Planetary scientists at Washington University in St. Louis, Paul Byrne and Rebecca Hahn, have compiled the most comprehensive map of all volcanic edifices on Venus, with a database of 85,000 volcanoes using radar imagery from NASA’s Magellan mission. According to the experts, this is a critical breakthrough in the understanding of the volcanic properties of the planet.
“This paper provides the most comprehensive map of all volcanic edifices on Venus ever compiled. It provides researchers with an enormously valuable database for understanding volcanism on that planet – a key planetary process, but for Venus is something about which we know very little, even though it’s a world about the same size as our own,” said Byrne.
The new database will enable scientists to think about where to search for evidence of recent geological activity, either by trawling through the decades-old Magellan data or by analyzing future data and comparing it with Magellan data.
The study includes detailed analyses of where volcanoes are, where and how they’re clustered, and how their spatial distributions compare with geophysical properties of the planet such as crustal thickness. According to Hahn, the volcano dataset is hosted at Washington University and is publicly available for other scientists to use.
“We’ve already heard from colleagues that they’ve downloaded the data and are starting to analyze it – which is exactly what we want,” said Byrne. “Other people will come up with questions we haven’t, about volcano shape, size, distribution, timing of activity in different parts of the planet, you name it. I’m excited to see what they can figure out with the new database!”
The scientists found relatively fewer volcanoes in the 20-100 km diameter range, which they believe may be a function of magma availability and eruption rate.
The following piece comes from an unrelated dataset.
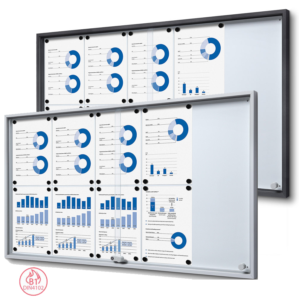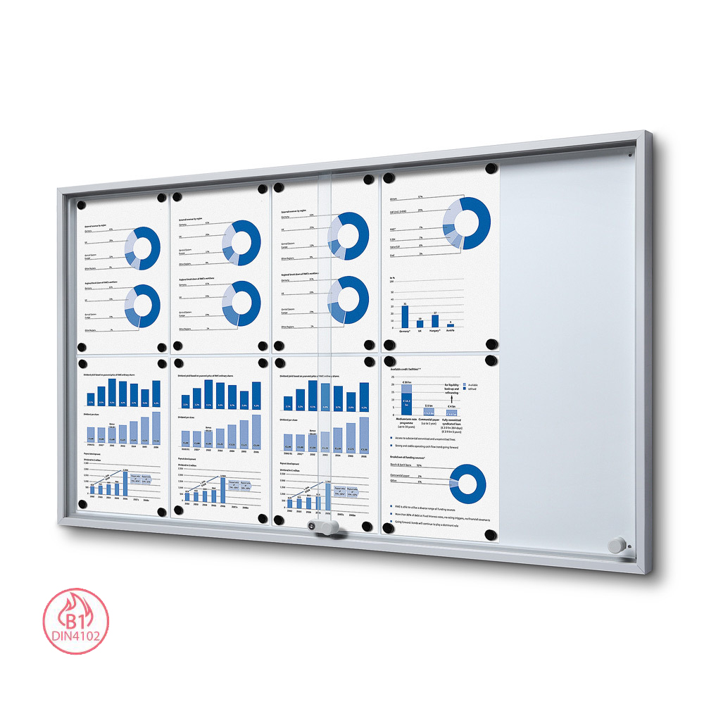 Vnitřní vitrína SCSLG, 10x DIN A4, stříbrná nebo antracitová, s posuvnými dvířky a zkosenými rohy

The experts also wanted to take a closer look at smaller volcanoes on Venus – those less than three miles across that have been overlooked by previous volcano hunters. Hahn says that they represent about 99 percent of her dataset. “We looked at their distribution using different spatial statistics to figure out whether the volcanoes are clustered around other structures on Venus, or if they’re grouped in certain areas.”
Although there are volcanoes across almost the entire surface of Venus, Hahn believes there are hundreds of thousands of additional geologic features that have some volcanic properties lurking on the surface of Venus, too small to be picked up.
“A volcano one kilometer in diameter in the Magellan data would be seven pixels across, which is really hard to see,” explained Hahn. “But with improved resolution, we could be able to resolve those structures.”
Future missions to Venus in the 2030s by NASA and the European Space Agency are set to acquire high-resolution radar images of the surface that will help scientists search for these smaller volcanoes.
“This is one of the most exciting discoveries we’ve made for Venus – with data that are decades old! But there are still a huge number of questions we have for Venus that we can’t answer, for which we have to get into the clouds and onto the surface. We’re just getting started,” said Byrne.
The study is published in the Journal of Geophysical Research Planets.